▸ Work order:
Locate "Setyaningrum, Hanik Agustina" in the listing. Transcribe the line that contains it and every line that follows, through the last, omitting all pictures.

▸ Dataset extract:
------------------------------------------------------------------------

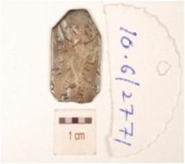 | Description / विवरण | A punch mark silver coin, rectangular shape, having sun, bull, brahmi ma and floral pattern on obverse side, plant motif on reverse side with cutting edge. |
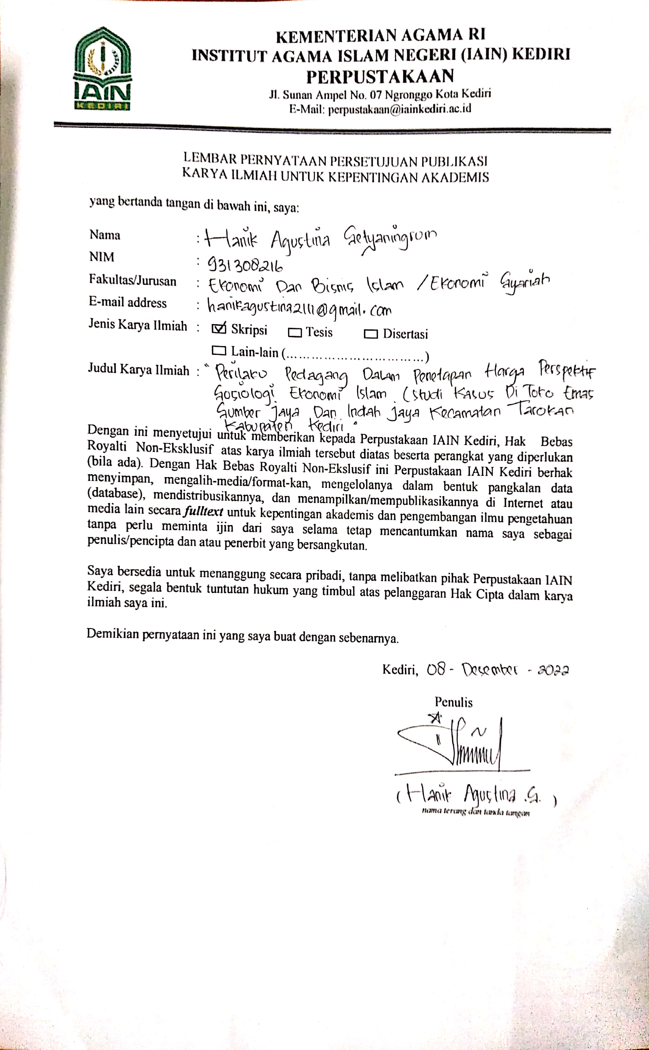 Setyaningrum, Hanik Agustina (2022) Perilaku Pedagang Dalam Penetapan Harga Perspektif Sosiologi Ekonomi Islam (Studi Kasus Di Toko Emas Sumber Jaya Dan Indah Jaya Kecamatan Tarokan Kabupaten Kediri). Undergraduate (S1) thesis, IAIN KEDIRI.
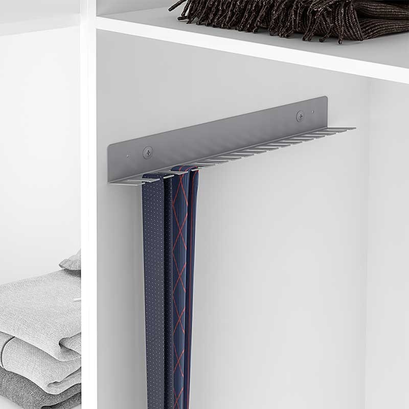 Soporte perchero para armario vestidor fabricado en acero plata o antracita a elegir con capacidad para colgar hasta 18 corbatas o cinturones.

------------------------------------------------------------------------

▸ Your response:
 Setyaningrum, Hanik Agustina (2022) Perilaku Pedagang Dalam Penetapan Harga Perspektif Sosiologi Ekonomi Islam (Studi Kasus Di Toko Emas Sumber Jaya Dan Indah Jaya Kecamatan Tarokan Kabupaten Kediri). Undergraduate (S1) thesis, IAIN KEDIRI.
 Soporte perchero para armario vestidor fabricado en acero plata o antracita a elegir con capacidad para colgar hasta 18 corbatas o cinturones.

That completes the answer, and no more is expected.